Use SIMA to help assess the temporal criterion of causal relationships as with non-experimental data shown in Figure 4. Notice that in Part C of Figure 5 that there is about a 55 standard deviation difference at a delay of 5 minutes for "GnRH to LH" compared to "LH to GnRH." This, together with other results in Parts C and D of Figure 5, suggest that GnRH drives LH but not the opposite. This result is in accord with biological knowledge and helps validate SIMA.
Figure 5 helps quantify a biological mechanism in considerable detail starting at the level of one individual. This mechanism can vary in different ways and to different degrees. This is part of a mechanistic Precision Quantitative Diagnostic Phenotype as indicated in Figure 1.
The first sentence of the "Introduction" says that Precision Quantitative Diagnostic Phenotypes will help elucidate mechanisms of treatment effect as in clinical trials. Here's how. Suppose that one has need to investigate a drug as a potential GnRH agonist or antagonist. Do so by investigating the effects of the drug on results such as those shown in Figure 5.
Simple Brain Demonstration: Figure 2 is an extension of borrowed Figure 6 both in scope (from brain to full person) and in terms of the capabilities of tools used to investigate functional connectivity.
Figure 6. Functional Connectivity as Illustrated for the Human Brain Project
SIMA is being introduced as a new tool to quantify and elucidate functional connectivity as illustrated by both Figures 2 and 6. SIMA and other tools such as correlation coefficients do need to be investigated and evaluated in terms of capabilities such as those described for Figure 5. SIMA has important additional capabilities that remain to be presented.
Functional brain imaging can provide multivariate time series for thousands or hundreds of thousands of small brain regions or voxels (action nodes). Blood oxygen level dependent functional Magnetic Resonance Imaging (fMRI) often provides data with a temporal resolution of about 2 seconds. Figure 7 shows such data for seven brain regions.
Figure 7. Functional Brain Imaging Data for Seven Action Nodes.

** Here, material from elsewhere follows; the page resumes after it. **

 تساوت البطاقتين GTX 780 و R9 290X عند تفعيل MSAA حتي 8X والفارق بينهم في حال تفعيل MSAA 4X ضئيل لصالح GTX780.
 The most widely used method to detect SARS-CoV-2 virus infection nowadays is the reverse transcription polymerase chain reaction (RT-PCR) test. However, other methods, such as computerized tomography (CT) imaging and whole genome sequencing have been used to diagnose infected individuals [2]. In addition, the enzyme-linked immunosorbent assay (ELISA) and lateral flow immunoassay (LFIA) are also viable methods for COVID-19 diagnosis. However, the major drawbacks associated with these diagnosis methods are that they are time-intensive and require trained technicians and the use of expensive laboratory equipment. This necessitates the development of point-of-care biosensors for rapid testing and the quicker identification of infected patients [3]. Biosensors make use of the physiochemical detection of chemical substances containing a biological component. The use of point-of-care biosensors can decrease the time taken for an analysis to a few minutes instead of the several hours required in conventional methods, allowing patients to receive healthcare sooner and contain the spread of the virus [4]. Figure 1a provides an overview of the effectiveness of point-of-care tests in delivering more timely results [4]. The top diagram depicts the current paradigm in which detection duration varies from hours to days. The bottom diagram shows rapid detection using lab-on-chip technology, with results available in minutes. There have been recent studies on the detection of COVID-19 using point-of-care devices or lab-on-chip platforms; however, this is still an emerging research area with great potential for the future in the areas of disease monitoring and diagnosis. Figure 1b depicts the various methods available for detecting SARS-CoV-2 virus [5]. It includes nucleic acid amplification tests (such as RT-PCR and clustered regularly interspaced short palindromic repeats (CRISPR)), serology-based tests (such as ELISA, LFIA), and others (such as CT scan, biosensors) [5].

Figure 8 shows the highest level summary of IoT scores that result from applying SIMA to the data in Figure 7. Brain experts are invited to consider these results. Use SIMA to drill down into these summary results as described for Figure 5 about the two hormones.

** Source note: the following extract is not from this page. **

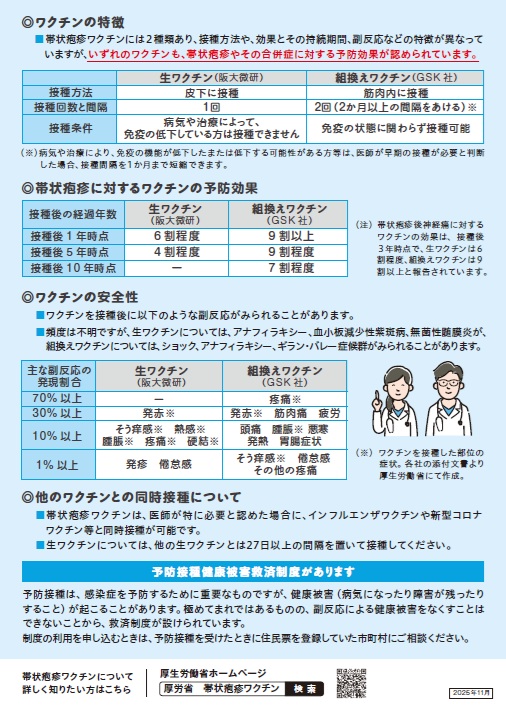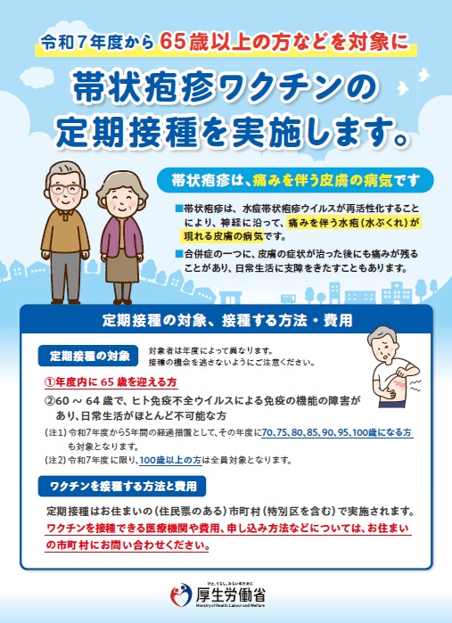 高齢者の帯状疱疹予防接種費用助成が開始されます。

Figure 8. Summary Functional Connectivity Scores for Seven Brain Regions
Consider the table in Figure 8 to be a small portion of an Action Coordination Profile for one person's brain. This illustrates how to compute Precision Quantitative Diagnostic Phenotypes as an alternative classical taxonomies such as DSM. Investigate mechanisms of treatment effect by quantifying how drugs affect such profiles.
In summary, SIMA deserves to be investigated as a powerful new tool to help advance precision medicine.